Hoping to tap into a group of enthusiastic users and cement its leadership in a fast-growing market, TomTom will gather information about traffic flows and will tap its SatNav customers to discover inaccuracies in its digital maps.
The strategy, internally dubbed “Navigation 2.0”, is similar to the way that Web retailer Amazon.com gathers user reviews and tracks purchases, generating value above the money shoppers spend.
Its success rests on TomTom’s planned 1.8 billion euro (1.2 billion pound) acquisition of digital map maker Tele Atlas -- a move that will likely raise the bar for rival device makers such as Garmin, but also for companies such as Nokia who are indirect competitors in the navigation area.
“What people haven’t fully realised is that next to the Internet community, there is a mobile community,” Tele Atlas Chief Executive Alain De Taeye told Reuters, adding this included millions of drivers with navigation devices as well as users of mobile phones equipped with global positioning chips.
Already TomTom is getting 16,000 pieces of user feedback a month, but so far it has not been able to make the best use of this information because if did not own the underlying maps.
“If the (Tele Atlas) bid is successful, TomTom is the only way to play the personal navigation boom in Europe,” Petercam analyst Eric de Graaf said.
Upside for the stock could be substantial if TomTom’s strategy pays off. Its shares trade on 17 times this year’s forecast earnings, according to Reuters data, whereas rival Garmin trades on 29 times. European technology stocks as a whole trade on 19 times; Amazon trades on 82 times.
But analysts see a more modest share price upside even as investors have cheered TomTom’s move to buy Tele Atlas. The shares have risen more than 9 percent to 44.75 euros since the announcement despite a weaker market environment.
UBS for instance said the strategy boosted TomTom’s standalone valuation by 7 euros a share to 50 euros, while Tele Atlas added another 5 euros per share.
NOT ON THE MAP?
TomTom has become the world’s biggest maker of car navigation devices with easy-to-use devices that let users navigate from one point to another without the complexity that plagues many similar gadgets. It has sold more than 10 million of these routefinders.
“There are a lot of customers out there who either think it’s fun to participate or have a vested interest in participating, because their street name is not correct, or their house is not there (or) people running restaurants that are not on the map,” TomTom Chief Executive Harold Goddijn said.
Drivers can alert Tele Atlas to blocked roads, name changes or a different layout of an intersection faster than the company’s surveyors can, allowing it to constantly update its maps.
The companies will also ask users to grant them access to statistical information gathered by the navigation devices to get a picture of regular traffic flows, which can then help to optimise routing or more accurately forecast travel times.

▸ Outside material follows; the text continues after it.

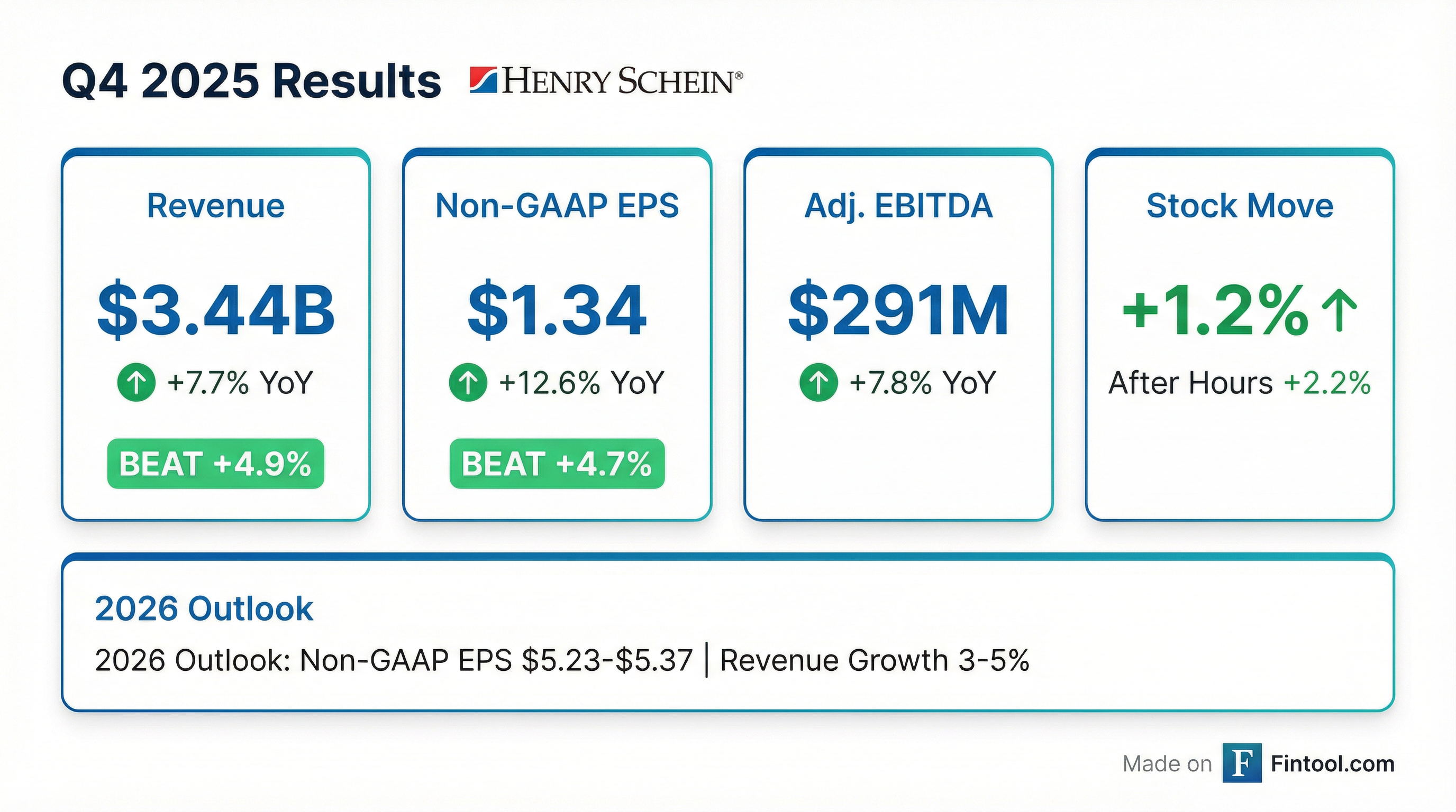 - Henry Schein delivered $3.4 billion in Q4 sales, up 7.7% year-over-year (constant currency +5.8%), led by distribution, equipment, specialty products, and technology businesses.

“We need to take this business out of the stone age,” Goddijn said. “In five years from now, we need to be able to say we have 50 percent penetration.”
About 30 million cars, 14 percent of the cars on Europe’s roads, already have a navigation system.
TomTom’s move to buy Tele Atlas has also eased concerns over whether it can maintain its dominant market share in Europe and keep its double-digit profit margins.
UBS analyst David Kerstens said in a note he expected the new features to allow TomTom to keep a 40 percent market share in Europe over five years and grab a quarter of the U.S. market.
Should any competitor wish to emulate TomTom’s move, there is only one other digital map maker with a global scope to buy -- Navteq, whose shares have consequently gained about 10 percent.
“Map makers as an asset are going to be very scarce indeed in a few months,” said Felix Oberdorfer, an analyst with Dutch-Belgian banking group Fortis, noting that only a handful of rivals can replicate TomTom’s strategy because it requires a large installed base.
Kerstens argued chances of a counterbid for Tele Atlas were slim as other players such as Nokia or Google, who could afford to buy it, were not direct competitors of TomTom and could thus continue to buy maps from Tele Atlas under new ownership.